Figure 5. Identification and characterization of apical periodontitis (AP)-associated mesenchymal stem cell (MSC) population and its subclusters.

(A) t-Stochastic neighbor embedding (t-SNE) representation an unsupervised clustering of single cells within the MSC cluster. (B) Violin plots of MSC subcluster-specific expression of representative genes. (C) The percentages of four subclusters of MSC population were quantified in control and AP groups. (D) Violin plots depict the changes in the expression of top upregulated genes in the MSC cluster. (E and F) Immunofluorescence double staining of Sparc (E) and Col1 (F) in Sp7-expressing osteoprogenitors. Scale bar, 50 μm. (G) Immunofluorescence double staining of Runx2 in Gli1⁺ periodontal stem cells (PDLSCs). Scale bar, 50 μm. (H) Lineage tracing analysis of Lepr⁺ PDLSCs and Col2.3⁺ osteoblasts. Scale bar, 50 μm.

Figure 5—figure supplement 1. Red fluorescent protein expression in Prrx1^Cre;Rosa26^Ai14, Sp7^Cre;Rosa26^Ai14, Gli1^CreER;Rosa26^Ai14, and Lepr^Cre;Rosa26^Ai14;Col2.3-GFP mouse models.

Scale bar, 50 μm.

Figure 5—figure supplement 2. Gene Ontology (GO) enrichment analysis of the biological functions of mesenchymal stem cell (MSC) subclusters.

Figure 5—figure supplement 3. Real-time quantitative PCR (qPCR) and bulk RNA-seq analysis of osteogenic markers during apical periodontitis (AP) situation.
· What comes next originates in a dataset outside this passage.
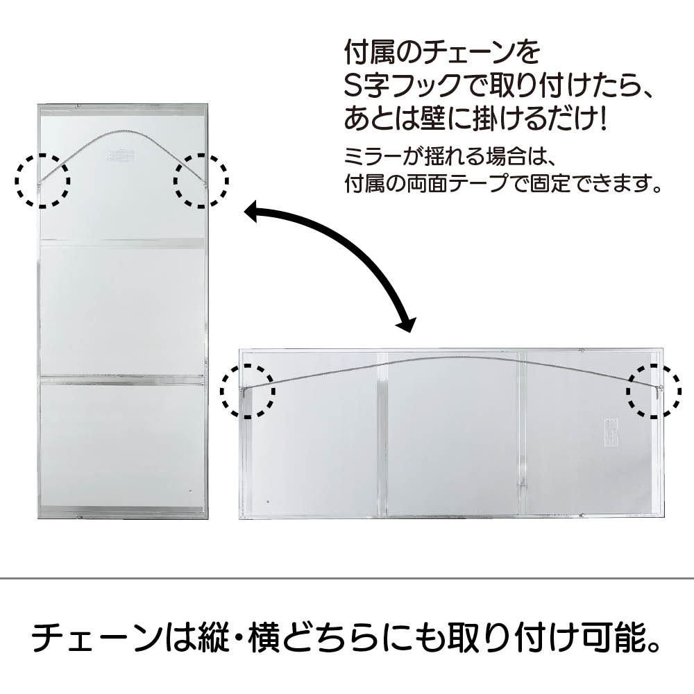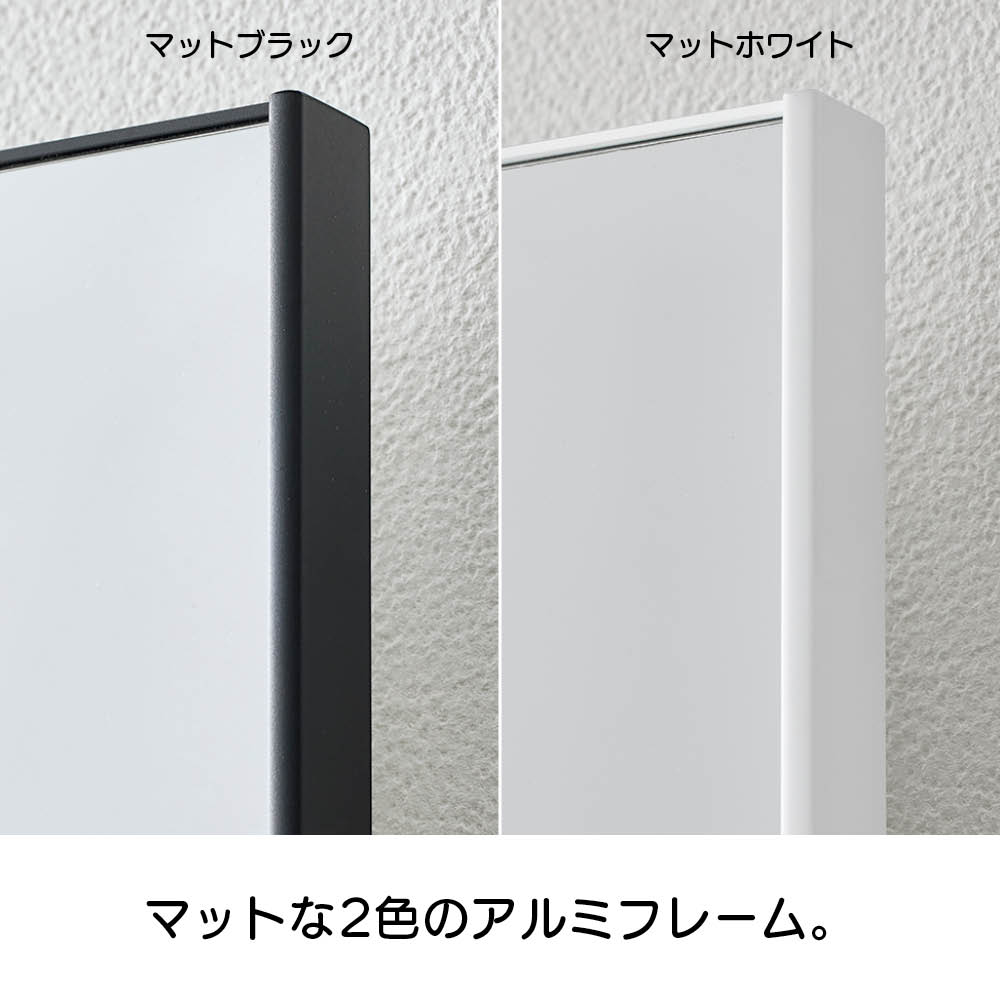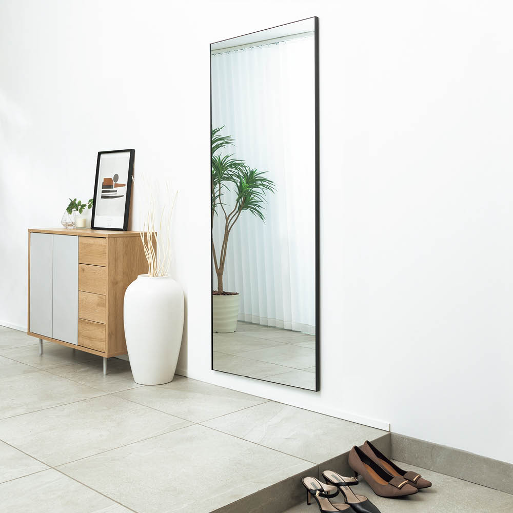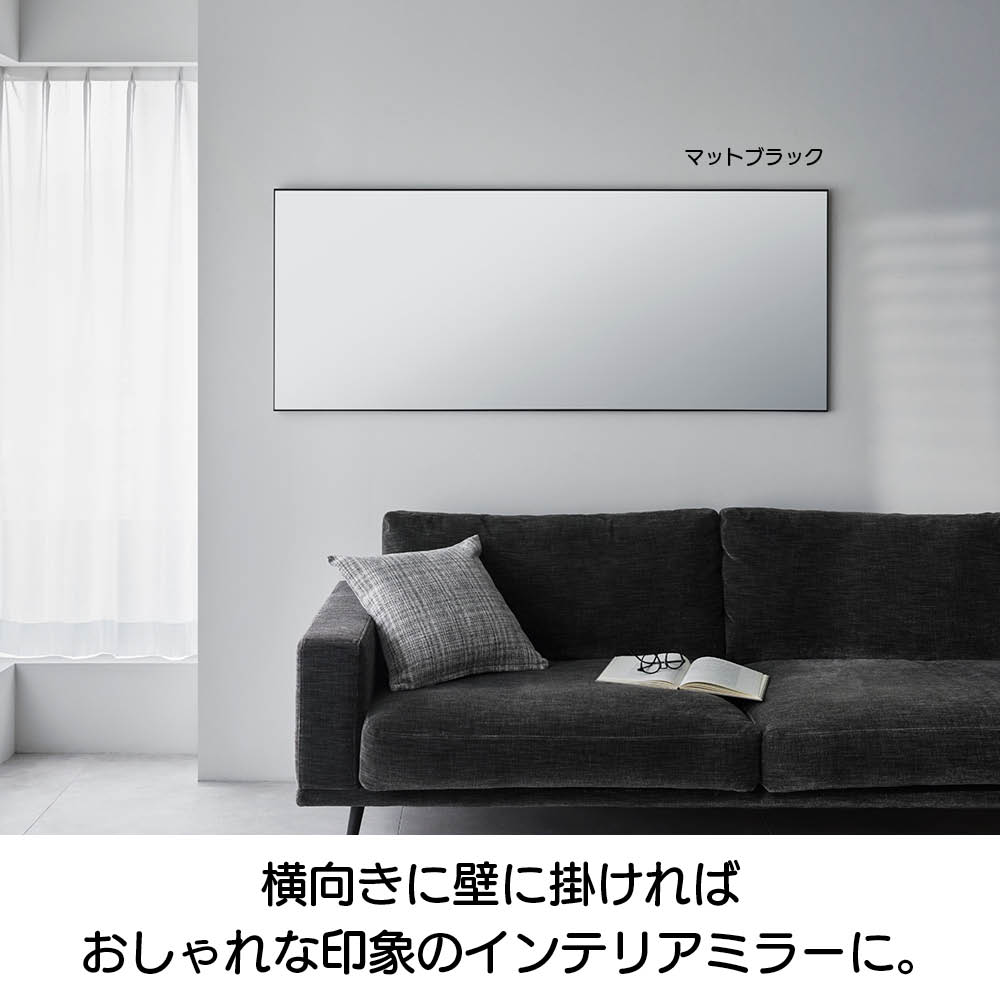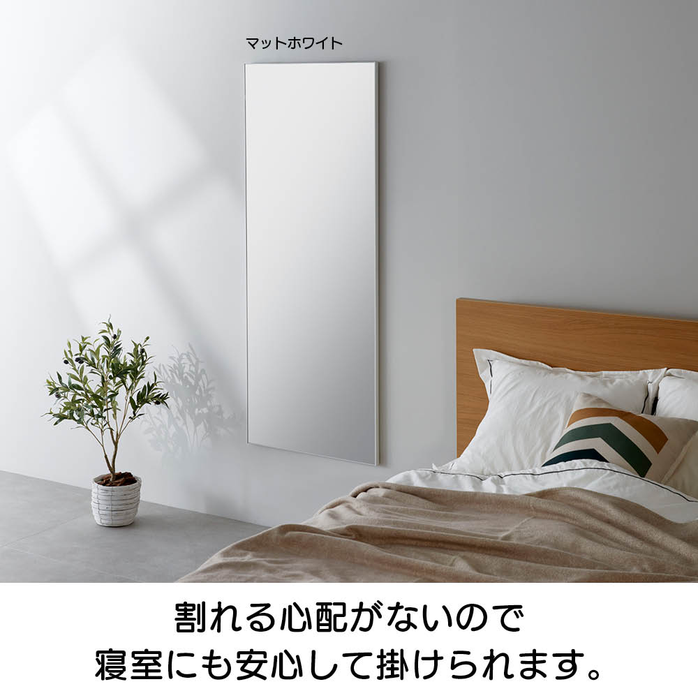 特殊フィルム製で軽く、倒れても割れない、そして鏡よりも映りがクリア。大好評ロングセラーの姿見ミラーが、人気スタイリスト・小山田早織さんとコラボ! さらにおしゃれに、使いやすくなりました。全身がしっかり映り、空間を広々と見せる60×150cm。人気スタイリスト・小山田早織さんのこだわりが詰まったコラボモデル誕生!仕事柄、長年鏡と向き合い続けてきた小山田さん。大きな鏡は重いし、割れるのも心配……。そんな鏡の弱点を軽々クリアする割れないミラーに感動し、スタイリスト目線で「もっと素敵に!」アレンジしたくなったといいます。特殊フィルムを使い、内部を空洞に仕上げているため、60×150cmの大型サイズで約2.2kgという軽さ!壁掛けの際も壁面に負担がかかりにくく、女性1人でも軽々と移動できます。決して割れないフィルム製なので、ボールなどがぶつかっても大丈夫。子ども部屋にも安心して置けます。万一災害時に倒れても破片が飛び散らず、避難の妨げになることもありません。防災対策としてもおすすめ!40年以上「フィルムミラー」を手掛けている国内メーカーが製造。フィルムは柔らかい素材なので、指で押すと凹みますが、指を離せば元どおりの状態に。一般的な鏡の場合、ガラスの反射で像がブレて映ってしまうことも。割れないミラーは鏡よりもきれいに映ります。高性能フィルム製だからブレや歪みが少なく、対象をくっきり鮮明に映し出します。細部のこだわりでスタイリッシュに。ディノス初の四方枠モデルが誕生!全辺をアルミフレームで覆った四方枠は、ディノスでは初の試み。「スタイリッシュな雰囲気を出すには、4辺をフレームで囲むことが不可欠だと考えました。上下・左右で違うフレームの太さもポイントです」と小山田さん。四方枠になったことで、縦にも横にも設置可能に。アルミフレームの太さは上下と左右で、1mm・5mmとわずかですが、あえて変えています。細やかなデザインの工夫で、より洗練された印象に。ディノスの従来モデル(アルミフレーム)には、上下のフレームがありません。小山田さんとのコラボモデルは4辺すべてをフレームで囲っているので、縦にも横にも設置可能です。すべり止めは透明シールに。どの角度から見ても美しいミラー。従来モデルではゴム脚だったすべり止めを、付属の透明シールに替えたのもこだわり。「ゴム脚を外した時に見えてしまうフレームの穴が気になって……。360度どこから見ても美しくあってほしかったんです」。従来モデルのすべり止めはネジ式のゴム脚のところ、本品は付属の透明シールで対応。フレームにネジ穴がないので、横向きに吊り下げた時もきれいです。

(A) Gene expression of Runx2, Sparc, Col1a1, Col1a2, and Bglap in samples of control and AP mouse mandibles. n=6 in control group and n=7 in AP group. *p<0.05, **p<0.01, ***p<0.001, and ****p<0.0001. All data were exhibited as mean ± SEM. (B) Heatmap of representative genes associated with osteogenesis in bulk RNA-seq analysis.